Sometimes going through airport security can feel like getting undressed and dressed again but the US Transportation Security Administration is alleviating some of the stress by removing the need to take off shoes at checkpoints, according to a memo sent to staff in early July.
Officially coming into effect from 13 July 2025, the policy shift means passengers should be able to pass through security without having to take off their shoes. They will only be asked to remove their footwear if they trigger a scanner. Some at New York’s LaGuardia and Los Angeles International were already being allowed through checkpoints with their shoes still on, a week early, CBS has reported.
Why the change now?
The change in guidance comes amid huge and ongoing pressure on the US aviation sector to find efficiencies and reduce delays after a number of years of glitches, safety concerns, and mass disruption due to extreme weather events. Federal budget plans just approved have allocated billions of dollars for a long-campaigned for upgrade to air traffic control technology.
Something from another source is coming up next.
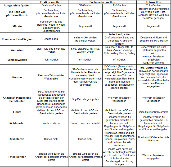 Wenn du bei pferdewetten.de wetten, kannst du dich für Festkurs-, Buchmacher- oder Totowetten entscheiden. Abhängig von der Wette, welche du platzierst, werden zwei oder immer nur eine dieser Optionen verfügbar sein. Es gibt entscheidende Unterschiede zwischen diesen drei Kategorien, die wir in der folgenden Übersicht für dich zusammen gestellt haben:

Against that backdrop, the TSA’s loosening of footwear checks means that more people will be able to experience a more seamless journey – something until now reserved for TSA PreCheck-approved passengers, a status that costs an annual $85 in the United States.
This winter, we’ll keep our shoes on and our belts buckled because we’re enrolled in #TSAPreCheck. Here’s a cool tip: For 5 years of seamless #WinterTravel, don’t forget to enroll in or renew TSA PreCheck before your next vacation.
— TSA (@TSA) January 6, 2025
Head on over to: https://t.co/OAHTJirnlE pic.twitter.com/lgtWRF5ExO
Why were shoes such a problem?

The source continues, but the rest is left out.